REQUIREMENT: If an entry holds a picture, leave the picture out and copy the rest of the listing exactly.

+++++

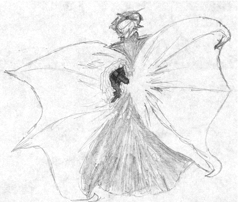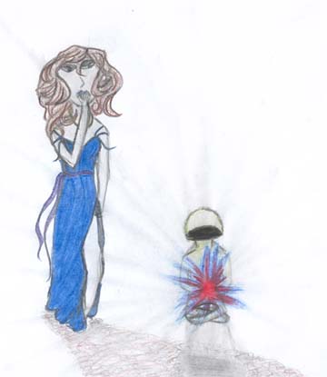The woman is caught by surprise as the sorcerer does his thing a little ways in front of her.
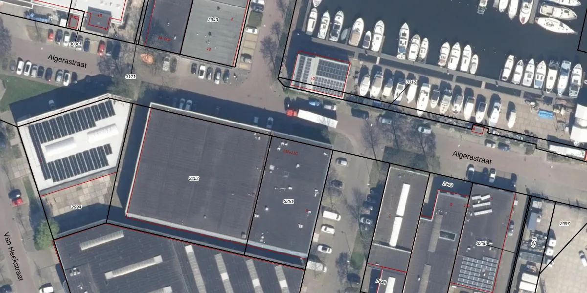 Algerastraat 11-A is gelegen op kadastraal perceel SDM01P3251. Deze kadastrale aanduiding is uniek en wordt gebruikt door het Kadaster om eigendomsrechten en andere zakelijke rechten vast te leggen. Het perceel maakt onderdeel uit van de kadastrale gemeente Schiedam.
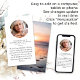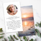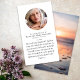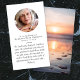 Dieses Gedenkgedicht kann bei einer Feier des Lebens oder einer Beerdigung als Pfand gegeben oder als besondere Hommage an diejenigen geschickt werden, die nicht teilnehmen konnten. Diese Karte kann mit einem beliebten Foto und Ihrer Wahl von Gebet oder Gedicht personalisiert werden. Das Foto dient zur Veranschaulichung und kann in ein eigenes umgewandelt werden.
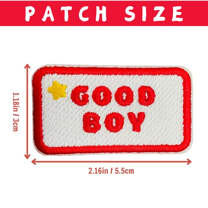 Duggyta Customizable Iron On/Sew On Merit Badge - 1 Pc Embroidered Patch Featuring "Good Boy" Text, Ideal for Dog Bandanas, Jackets, Harnesses, Blanket, Clothes, Easy to Apply
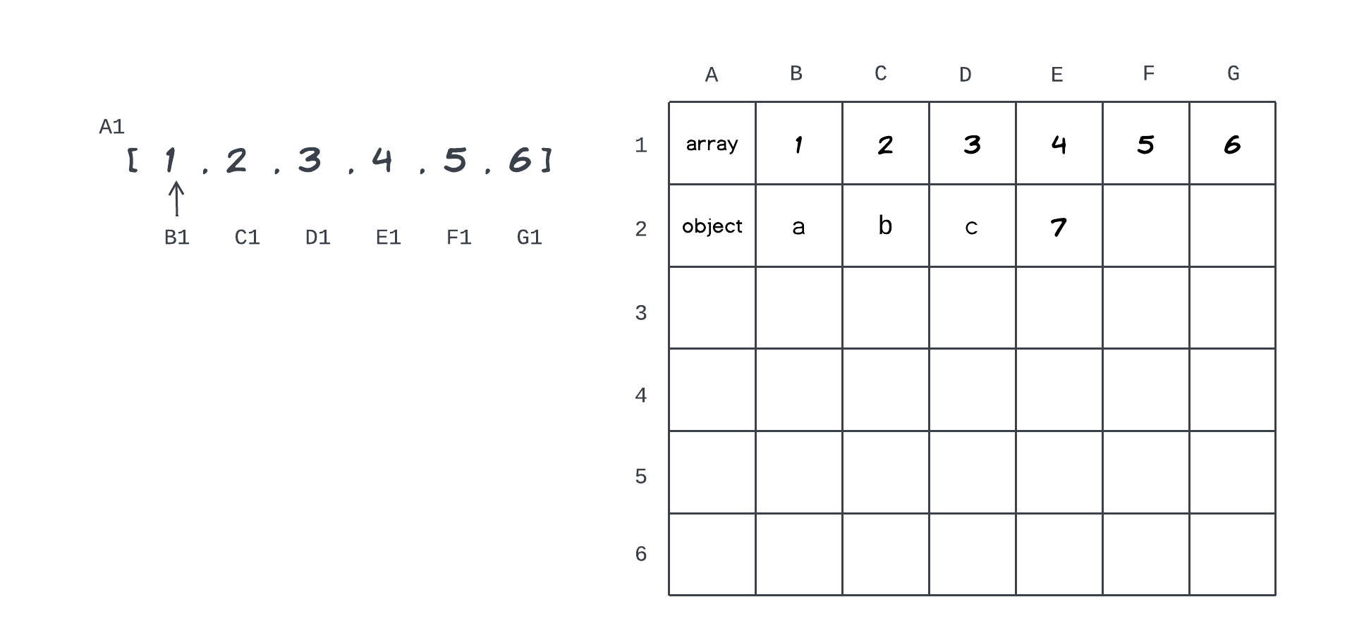 실제로 그렇지는 않겠지만 엑셀처럼 행은 오름차순의 숫자의 주소를 가지고 열은 오름차순의 알파벳 주소를 가진다고 가정하자 그렇다면 array자체의 주소는 A1이고 각각 1 - B1, 2 - C1, 3 - D1, 4 - E1, 5 - F1, 6 - G1의 각각 주소를 가진다. 다른 말로 하면 각 간을 메모리도 다 별개의 주소가 있다.
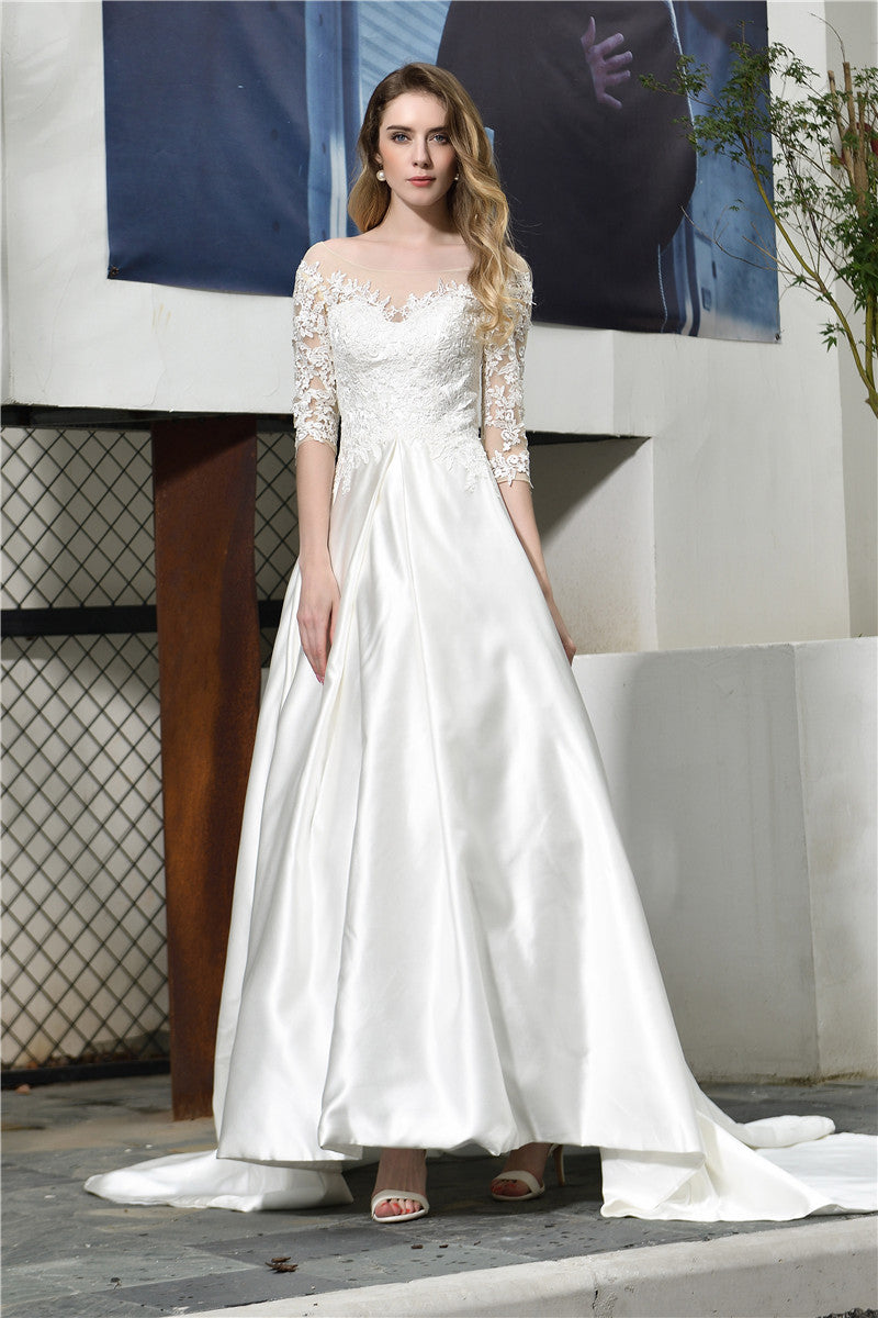 Princess A-Line Long Sleeves Ivory Wedding Dress with Slit-Front
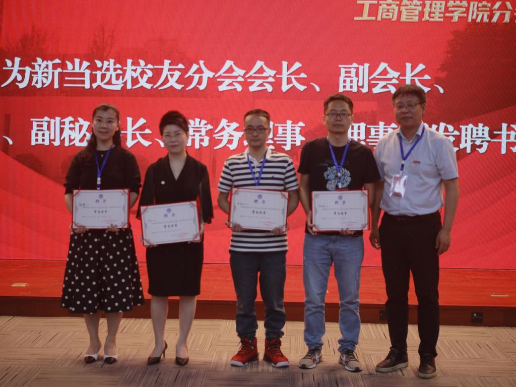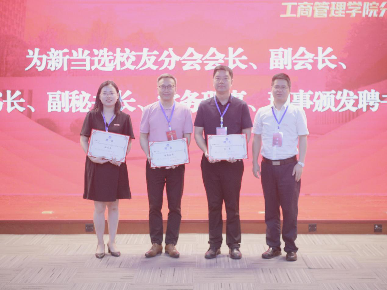 大会审议了分会第一届理事会成员名单,并选出了会长赖家国、联席会长张良、秘书长程亚,以及徐治学等10位副会长,刘榴等4位副秘书长。并为全体理事颁发了聘书;校友总会会长罗勇为分会授旗。
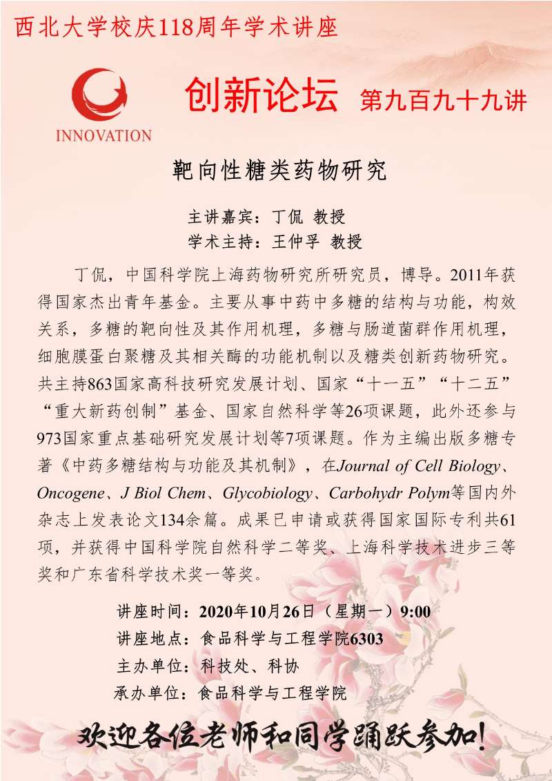 丁侃 教授 米兰网页版·官方端在线创新论坛第九百九十九讲暨校庆118周年学术讲座:靶向性糖类药物研究 讲座时间 2020年10月26日(星期一)9:00 讲座地点 食品科学与工程学院6303 讲座人介绍 丁侃 教授 讲座内容
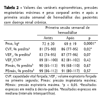 Objetivo: Avaliar a função pulmonar e a força muscular respiratória de pacientes com doença renal crônica e correlacioná-las com a variação de peso ligada à realização de hemodiálise; estudar a correlação entre o tempo de hemodiálise e possíveis alterações respiratórias. Métodos: Foram avaliados 17 pacientes (mediana de idade, 47 anos; intervalo interquartílico, 41-52 anos) submetidos a três sessões semanais de hemodiálise (mediana de tempo, 27 meses; intervalo interquartílico, 14-55). Doze eram do sexo masculino. Realizaram espirometria e mensuração das pressões máximas inspiratória (PImáx) e expiratória (PEmáx) antes e após a primeira sessão semanal de hemodiálise. O peso corporal foi quantificado antes e após as três sessões semanais. Resultados: Oito pacientes apresentaram distúrbio restritivo leve antes da primeira sessão de hemodiálise. Desses, 2 normalizaram após a sessão. Houve aumento da capacidade vital forçada (p = 0,02) e diminuição de peso (p = 0,0001) ao final da primeira sessão semanal. A variação de peso durante três dias sem hemodiálise tendeu a se correlacionar com a variação da capacidade vital forçada na primeira sessão (r = 0,47; p = 0,055). O tempo de hemodiálise correlacionou-se com os valores da porcentagem do predito da PImáx (r = −0,53; p = 0,03) e com a PEmáx (r = −0,63; p = 0,006) pré-diálise. Conclusões: O maior ganho de peso no período interdialítico está associado com a piora da função pulmonar, que pode ser quase totalmente revertida com hemodiálise. Além disso, o maior tempo de hemodiálise está associado à diminuição da força muscular respiratória.
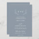 Esta mínima invitación formal a una boda en monograma azul y blanco es perfecta para una boda elegante. El diseño presenta una sencilla silueta azul pizarra clara con un estilo minimalista clásico. Personaliza con las primeras iniciales de la novia y el novio.
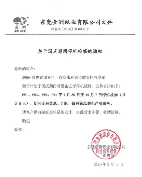 •淄博永豐環保科技有限公司 自2025年9月13日起,瓦楞紙、環保紙、牛卡紙價格在原有價格基礎上上調30元。 •山東仁豐特種材料股份有限公司 自2025年9月13日開始,瓦楞紙在原有價格基礎上上調30元/噸。 •玖龍紙業東莞基地 自九月十八日起,東莞基地地龍再生牛卡、江龍再生牛卡、玖龍瓦楞紙、地龍瓦楞紙上調RMB/HKD30元/噸(USD4元/噸)。 •浙江金龍再生資源科技股份有限公司、浙江金勵環保紙業有限公司 在目前的銷售價格基礎上,從2025年9月15日起,我公司生產的再生牛卡/高強瓦楞紙銷售價格上調30元/噸。 •上海珀菲特包裝科技有限公司 從2025年9月11日17:00時起,所有紙板訂單在原價格的基礎上上調3%。 •上海瑞邦紙品包裝有限公司 自2025年09月12日08:00起,所有紙板訂單價格在原有基礎上上調3%(包括多層紙板,二層紙板)。 •上海勇玖包裝材料有限公司 從2025年9月11日16:00時對所有客戶所下訂單價格上漲3%。 •山鷹紙業 自2025年9月13日起,在原有價格基礎上: 廣東基地:T紙、瓦紙上調30元/噸; 自2025年9月15日起,在原有價格基礎上: 福建基地:紅杉系、瓦紙系上調50元/噸; •五洲特紙 從2025年9月18日起,針對集團旗下包裝紙系列產品在現有價格基礎上,上調30元/噸。 •金田紙業(東莞) 自2025年09月15日起,對東莞市金田紙業有限公司所產的金泊牌再生牛卡紙、金泊牌高強瓦楞紙在原價格基礎上統一上漲30元/噸。 •金田紙業(四川) 自2025年9月16日起,對四川金田紙業有限公司所產的所有高強瓦楞紙在原價格基礎上統一上漲30元/噸。 •玖龍紙業太倉基地 自九月十八日起,瓦紙/Y紙/B紙/E紙/T紙在目前價格的基礎上上調RMB30元/噸。 造紙廠國慶停機計劃 •東莞金洲紙業有限公司
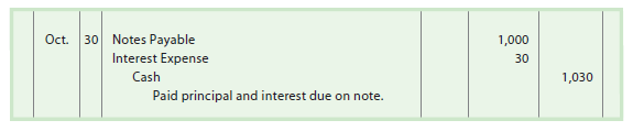 When the note matures, the entry to record the payment of $1,000 plus $30 interest ($1,000 x 12% x 90/360) is as follows:

+++++

EXERCISE SOLUTION:
The woman is caught by surprise as the sorcerer does his thing a little ways in front of her.
 Algerastraat 11-A is gelegen op kadastraal perceel SDM01P3251. Deze kadastrale aanduiding is uniek en wordt gebruikt door het Kadaster om eigendomsrechten en andere zakelijke rechten vast te leggen. Het perceel maakt onderdeel uit van de kadastrale gemeente Schiedam.
 Dieses Gedenkgedicht kann bei einer Feier des Lebens oder einer Beerdigung als Pfand gegeben oder als besondere Hommage an diejenigen geschickt werden, die nicht teilnehmen konnten. Diese Karte kann mit einem beliebten Foto und Ihrer Wahl von Gebet oder Gedicht personalisiert werden. Das Foto dient zur Veranschaulichung und kann in ein eigenes umgewandelt werden.
 Duggyta Customizable Iron On/Sew On Merit Badge - 1 Pc Embroidered Patch Featuring "Good Boy" Text, Ideal for Dog Bandanas, Jackets, Harnesses, Blanket, Clothes, Easy to Apply
 실제로 그렇지는 않겠지만 엑셀처럼 행은 오름차순의 숫자의 주소를 가지고 열은 오름차순의 알파벳 주소를 가진다고 가정하자 그렇다면 array자체의 주소는 A1이고 각각 1 - B1, 2 - C1, 3 - D1, 4 - E1, 5 - F1, 6 - G1의 각각 주소를 가진다. 다른 말로 하면 각 간을 메모리도 다 별개의 주소가 있다.
 Princess A-Line Long Sleeves Ivory Wedding Dress with Slit-Front
 大会审议了分会第一届理事会成员名单,并选出了会长赖家国、联席会长张良、秘书长程亚,以及徐治学等10位副会长,刘榴等4位副秘书长。并为全体理事颁发了聘书;校友总会会长罗勇为分会授旗。
 丁侃 教授 米兰网页版·官方端在线创新论坛第九百九十九讲暨校庆118周年学术讲座:靶向性糖类药物研究 讲座时间 2020年10月26日(星期一)9:00 讲座地点 食品科学与工程学院6303 讲座人介绍 丁侃 教授 讲座内容
 Objetivo: Avaliar a função pulmonar e a força muscular respiratória de pacientes com doença renal crônica e correlacioná-las com a variação de peso ligada à realização de hemodiálise; estudar a correlação entre o tempo de hemodiálise e possíveis alterações respiratórias. Métodos: Foram avaliados 17 pacientes (mediana de idade, 47 anos; intervalo interquartílico, 41-52 anos) submetidos a três sessões semanais de hemodiálise (mediana de tempo, 27 meses; intervalo interquartílico, 14-55). Doze eram do sexo masculino. Realizaram espirometria e mensuração das pressões máximas inspiratória (PImáx) e expiratória (PEmáx) antes e após a primeira sessão semanal de hemodiálise. O peso corporal foi quantificado antes e após as três sessões semanais. Resultados: Oito pacientes apresentaram distúrbio restritivo leve antes da primeira sessão de hemodiálise. Desses, 2 normalizaram após a sessão. Houve aumento da capacidade vital forçada (p = 0,02) e diminuição de peso (p = 0,0001) ao final da primeira sessão semanal. A variação de peso durante três dias sem hemodiálise tendeu a se correlacionar com a variação da capacidade vital forçada na primeira sessão (r = 0,47; p = 0,055). O tempo de hemodiálise correlacionou-se com os valores da porcentagem do predito da PImáx (r = −0,53; p = 0,03) e com a PEmáx (r = −0,63; p = 0,006) pré-diálise. Conclusões: O maior ganho de peso no período interdialítico está associado com a piora da função pulmonar, que pode ser quase totalmente revertida com hemodiálise. Além disso, o maior tempo de hemodiálise está associado à diminuição da força muscular respiratória.
 Esta mínima invitación formal a una boda en monograma azul y blanco es perfecta para una boda elegante. El diseño presenta una sencilla silueta azul pizarra clara con un estilo minimalista clásico. Personaliza con las primeras iniciales de la novia y el novio.
 •淄博永豐環保科技有限公司 自2025年9月13日起,瓦楞紙、環保紙、牛卡紙價格在原有價格基礎上上調30元。 •山東仁豐特種材料股份有限公司 自2025年9月13日開始,瓦楞紙在原有價格基礎上上調30元/噸。 •玖龍紙業東莞基地 自九月十八日起,東莞基地地龍再生牛卡、江龍再生牛卡、玖龍瓦楞紙、地龍瓦楞紙上調RMB/HKD30元/噸(USD4元/噸)。 •浙江金龍再生資源科技股份有限公司、浙江金勵環保紙業有限公司 在目前的銷售價格基礎上,從2025年9月15日起,我公司生產的再生牛卡/高強瓦楞紙銷售價格上調30元/噸。 •上海珀菲特包裝科技有限公司 從2025年9月11日17:00時起,所有紙板訂單在原價格的基礎上上調3%。 •上海瑞邦紙品包裝有限公司 自2025年09月12日08:00起,所有紙板訂單價格在原有基礎上上調3%(包括多層紙板,二層紙板)。 •上海勇玖包裝材料有限公司 從2025年9月11日16:00時對所有客戶所下訂單價格上漲3%。 •山鷹紙業 自2025年9月13日起,在原有價格基礎上: 廣東基地:T紙、瓦紙上調30元/噸; 自2025年9月15日起,在原有價格基礎上: 福建基地:紅杉系、瓦紙系上調50元/噸; •五洲特紙 從2025年9月18日起,針對集團旗下包裝紙系列產品在現有價格基礎上,上調30元/噸。 •金田紙業(東莞) 自2025年09月15日起,對東莞市金田紙業有限公司所產的金泊牌再生牛卡紙、金泊牌高強瓦楞紙在原價格基礎上統一上漲30元/噸。 •金田紙業(四川) 自2025年9月16日起,對四川金田紙業有限公司所產的所有高強瓦楞紙在原價格基礎上統一上漲30元/噸。 •玖龍紙業太倉基地 自九月十八日起,瓦紙/Y紙/B紙/E紙/T紙在目前價格的基礎上上調RMB30元/噸。 造紙廠國慶停機計劃 •東莞金洲紙業有限公司
 When the note matures, the entry to record the payment of $1,000 plus $30 interest ($1,000 x 12% x 90/360) is as follows:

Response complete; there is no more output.